→ WHAT YOU NEED TO DO
Please print exactly the lines from the line containing "by Jolly Jon" through the end of the data, no more, and keep pictures out of the copy.

→ DATASET EXTRACT
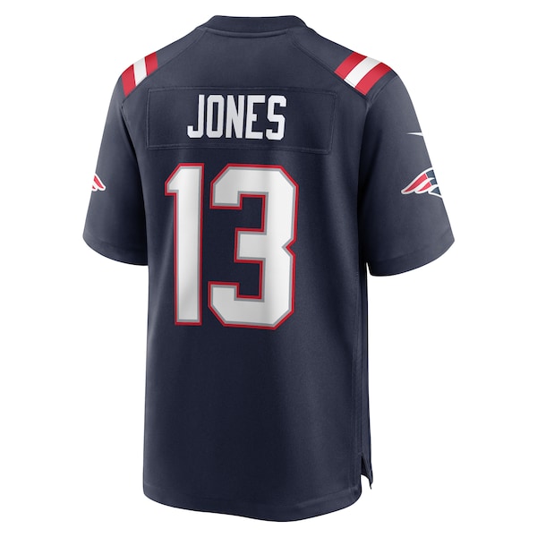 Rep the on-field look of your favorite New England Patriots player with this Jack Jones Game jersey from Nike. Its heat-sealed name. numbers and team details provide a kickoff-ready aesthetic while also offering a comfortable. lightweight feel. Designed for everyday movement. this jersey has a versatile tailored fit and features mesh side panels for added ventilation as you celebrate every big play by the New England Patriots this season.
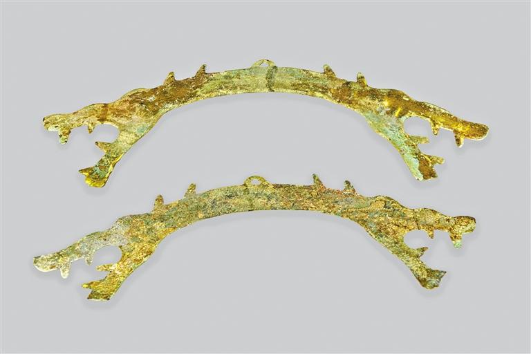 此套鎏金龍虎飾件中的虎飾件:長36.1厘米,寬9厘米;龍飾件:長41厘米、寬7.7厘米。為春秋戰國時期龍、虎形銅璜,圓拱形,頂部之上有拱形穿,兩端分別為龍首與虎首,口部張開,露出尖牙。在新石器時代,璜一般是佩戴于胸頸部的裝飾品,具有象征身份地位的作用。
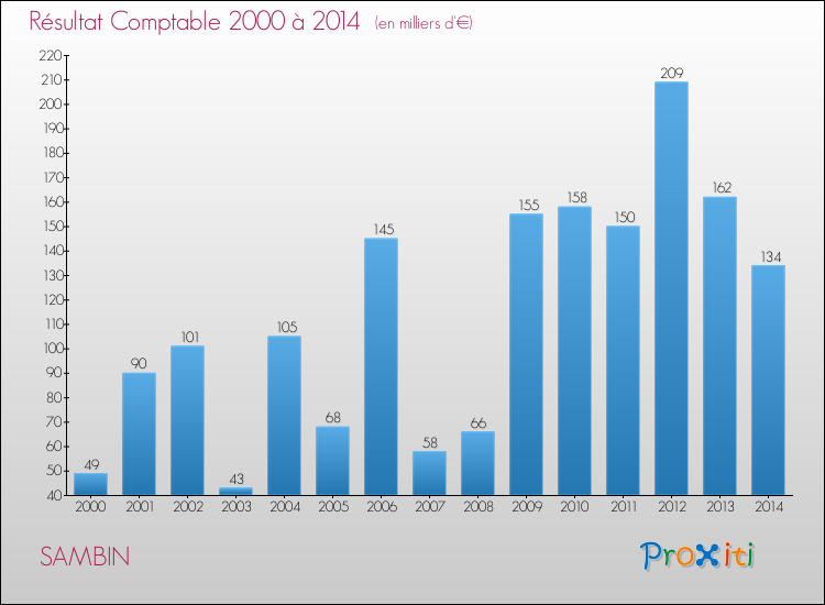 Le résultat comptable de la commune de Sambin s'établissait ainsi à : + 134 000 € fin 2014.
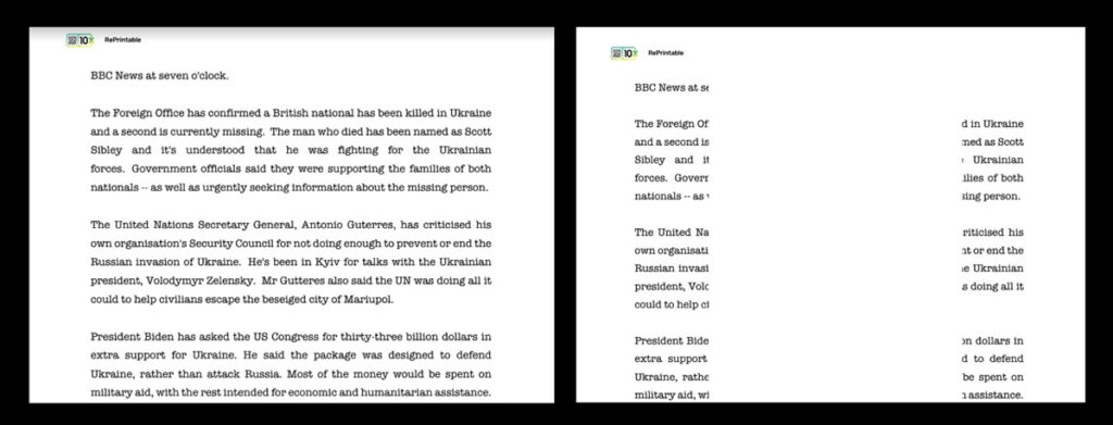 Trước và sau: Với mục đích trình diễn, máy khử in chỉ loại bỏ phần giữa của trang
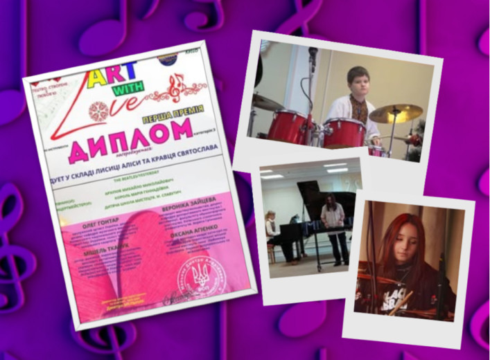 Учні Дитячої школи мистецтв міста Славутич Лисиця Аліса та Кравець Святослав стали лауреатами І премії Міжнародного двотурового конкурсу "Art with Love". Про це повідомляє Дитяча школа мистецтв міста Славутич. Дует виступав у складі струнно-щипкового
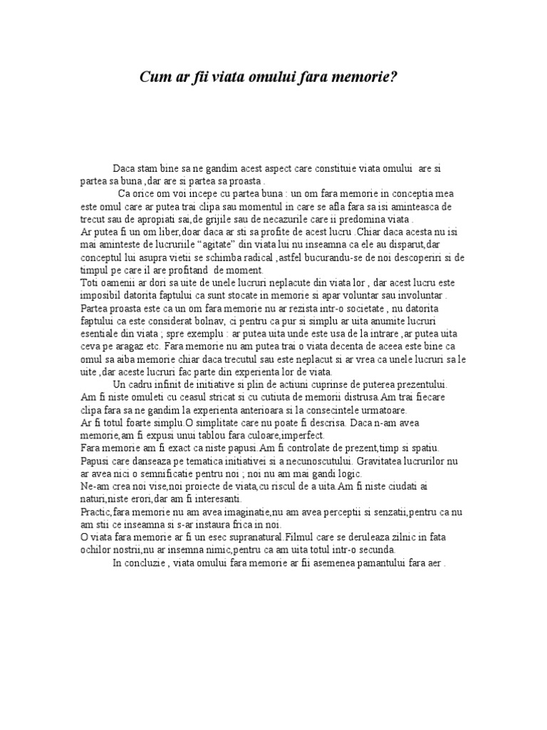 Rolul memoriei in viata psihicã memoria se vadeste a fi un sistem hipercomplex organizat in mai multe structuri interdependente. Si nu doar din acel moment de exemplu un om care nu are memorie nu isi aduce aminte de greseala facuta cu ceva timp in urma si o repeta. Memorie autobiografica memorie pentru evenimente speciale din propria viață este privită în general fie ca echivalent sau un înlocuitor al memoriei episodice. Ca orice om voi incepe cu partea buna un om fara memorie in conceptia mea este omul care ar putea trai clipa sau momentul in care se afla fara sa isi aminteasca de trecut sau de apropiati sai de grijile sau de necazurile care ii predomina viata ar putea fi.
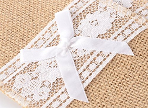 10 Pack of 4" x 8" Natural Hessian Burlap Silverware Holders with White Lace & Ribbon Bow for Wedding Reception Table or Rustic Decoration for a Bridal Party or Baby Shower by Jolly Jon
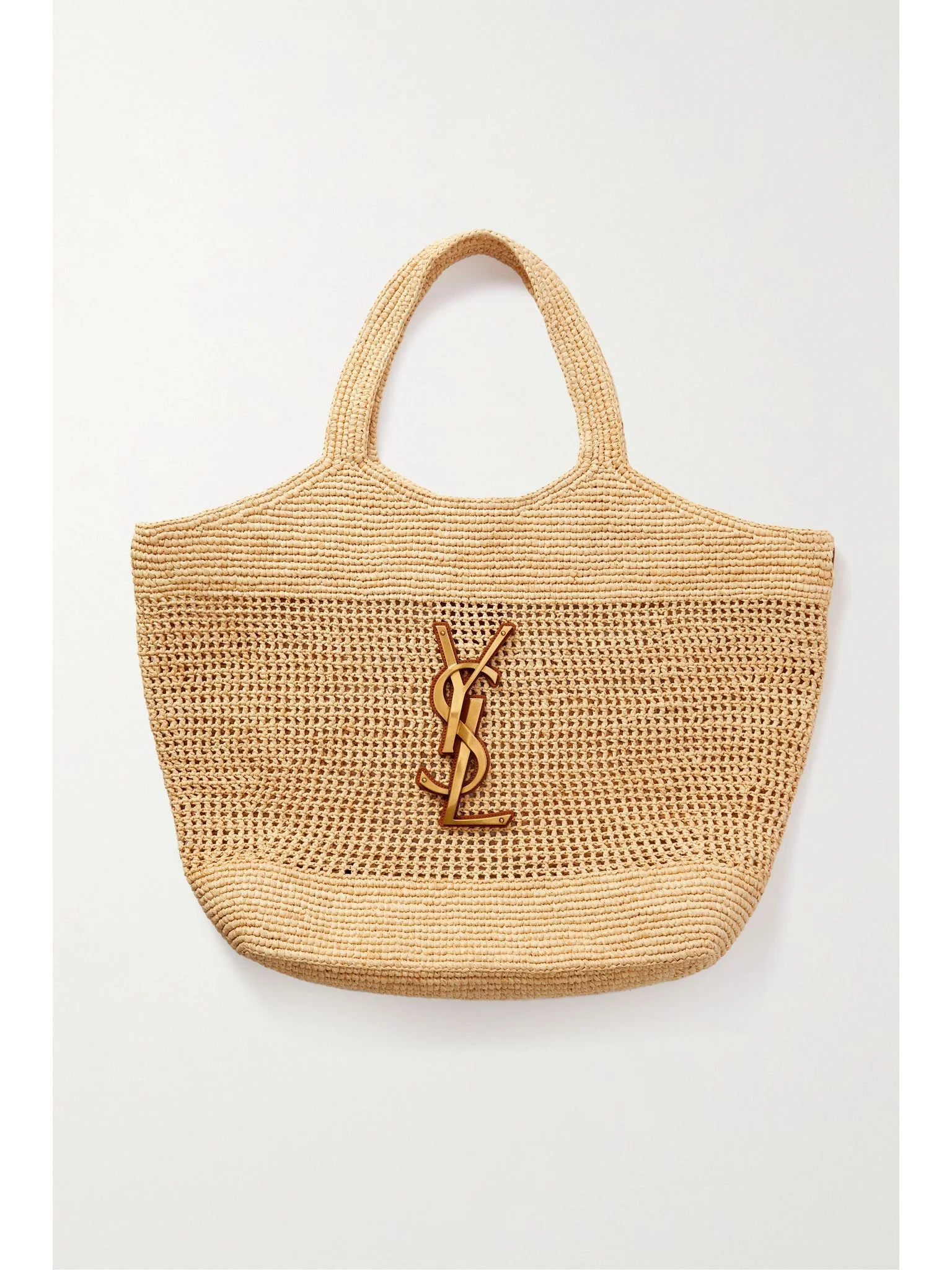 SAINT LAURENT steps up the humble beach tote with this 'Icare' design and its supersized, leather-trimmed gold monogram. Woven from raffia with a panel of open stitching, it feels light and airy while effectively concealing your possessions. Details & Care - Raffia, brown leather (Calf) - Open top

→ RESPONSE BELOW
 10 Pack of 4" x 8" Natural Hessian Burlap Silverware Holders with White Lace & Ribbon Bow for Wedding Reception Table or Rustic Decoration for a Bridal Party or Baby Shower by Jolly Jon
 SAINT LAURENT steps up the humble beach tote with this 'Icare' design and its supersized, leather-trimmed gold monogram. Woven from raffia with a panel of open stitching, it feels light and airy while effectively concealing your possessions. Details & Care - Raffia, brown leather (Calf) - Open top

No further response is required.